Whilst passive heat exposure stimulates increases in SkBF, it must be acknowledged that the combination of heat stress and exercise can further challenge the human cardiovascular system [50]. As such, the maintenance of blood pressure and skeletal muscle perfusion, in the face of increases in SkBF to meet thermoregulatory demands, necessitates an increase in cardiac output and redistribution of blood flow from inactive regions including the renal and splanchnic circulations [46]. In light of this, the combined independent demands from the skin, active skeletal muscle (both locomotor and respiratory), and blood pressure regulation will likely exceed available cardiac output [45]. In keeping with this suggestion, previous work has demonstrated that SkBF plateaus at ~60% of its maximum during exercise in the heat in healthy young individuals [51]. This is likely the result of a baroreceptor reflex-mediated control of SkBF imposed by exercise-induced metabolic demands to redistribute blood flow away from the cutaneous circulation to maintain optimal skeletal muscle and cerebral perfusion and blood pressure regulation [52]. If SkBF was to continue rising unabated during exercise, blood pressure would potentially fall which may then lead to a catastrophic perfusion failure of vascular beds. With such changes evident in apparently healthy young individuals, it may be argued that cardiovascular and thermal strain would be exacerbated to a greater extent in older individuals when exercising in a hot environment. The fact that SkBF responses during exercise in the heat are diminished to a much greater extent in older individuals compared to younger individuals, thereby negatively affecting heat content distribution and possibly even heat loss capacity in this population, lends some support to this suggestion [25].

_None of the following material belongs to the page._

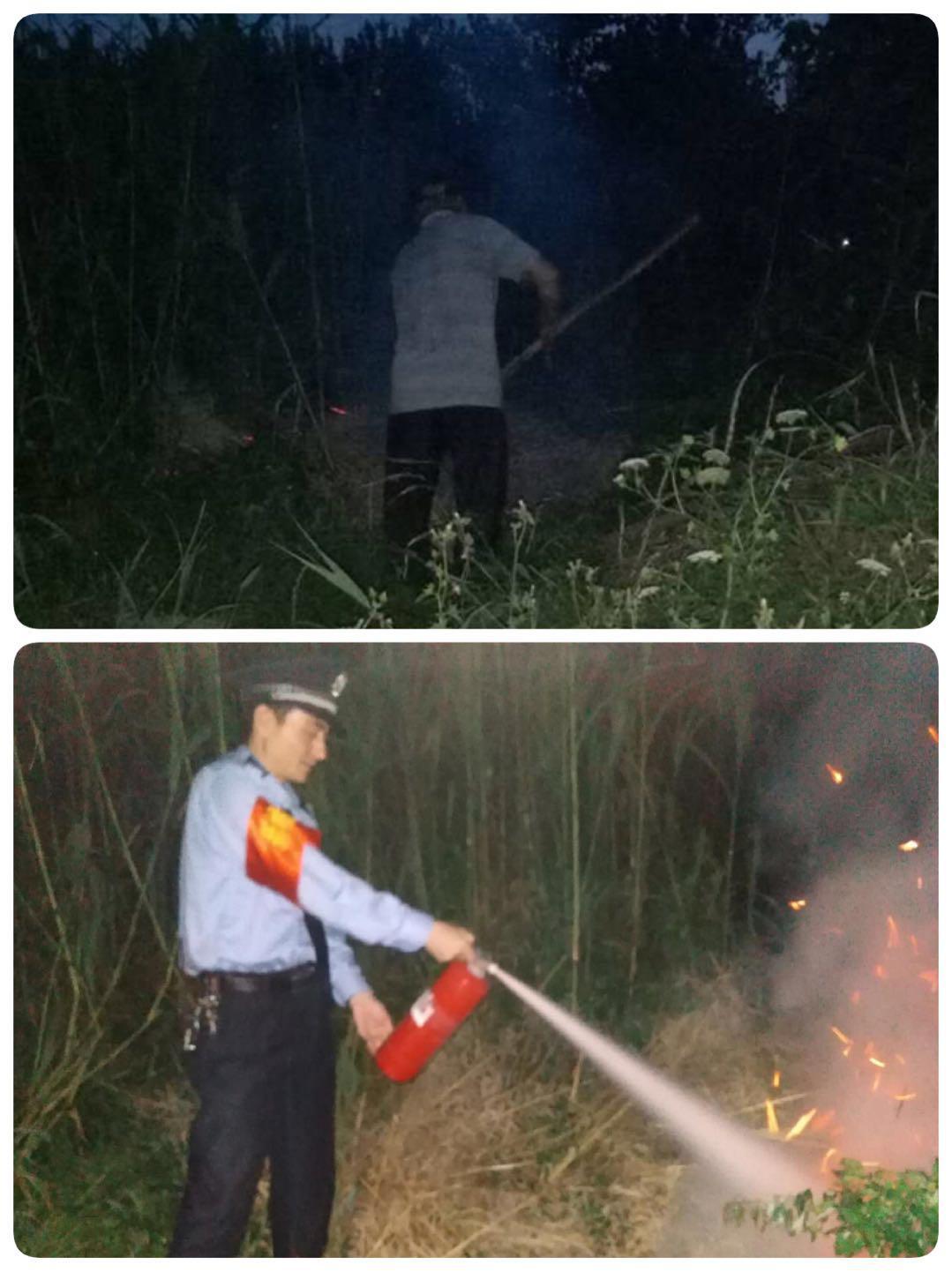 執(zhí)行晚班巡邏任務(wù)的車(chē)巡隊(duì)員許兵、汪長(zhǎng)林見(jiàn)狀,立刻通過(guò)中央公園工作群將情況上傳;同時(shí)按照項(xiàng)目火情預(yù)案和日常訓(xùn)練要求,許兵、汪長(zhǎng)林手提車(chē)載滅火器奔向著火點(diǎn),F(xiàn)場(chǎng)看見(jiàn)一位70多歲老大爺正多點(diǎn)位點(diǎn)燃油菜秸稈,隊(duì)員們邊大聲制止邊打開(kāi)滅火器滅火,好在火勢(shì)尚處初期秸稈火情很快得到了解除。滅火過(guò)后,隊(duì)員許兵、汪長(zhǎng)林兩人著裝汗?jié),煙塵、顆粒也粘滿(mǎn)了全身。

Over the past several years, a number of researchers have examined the mechanisms underlying age-related impairments in cutaneous vasomotor control [9, 10, 13, 26, 38, 53–60]. From these investigations, it has been recognised that impairments in the mechanisms mediating cutaneous vasomotor control occur at multiple sites along the efferent arm of the sympathetic nervous system. These impairments include reductions in sympathetic cholinergic cotransmitter release, alterations in downstream signalling for vascular endothelial function, and attenuation in heat stress-induced sympathetic neural drive. Furthermore, it is important to note that age-related alterations in cardiovascular function and fluid status can also contribute to impaired SkBF responses during heat stress in older individuals. These age-related factors are discussed in greater detail below.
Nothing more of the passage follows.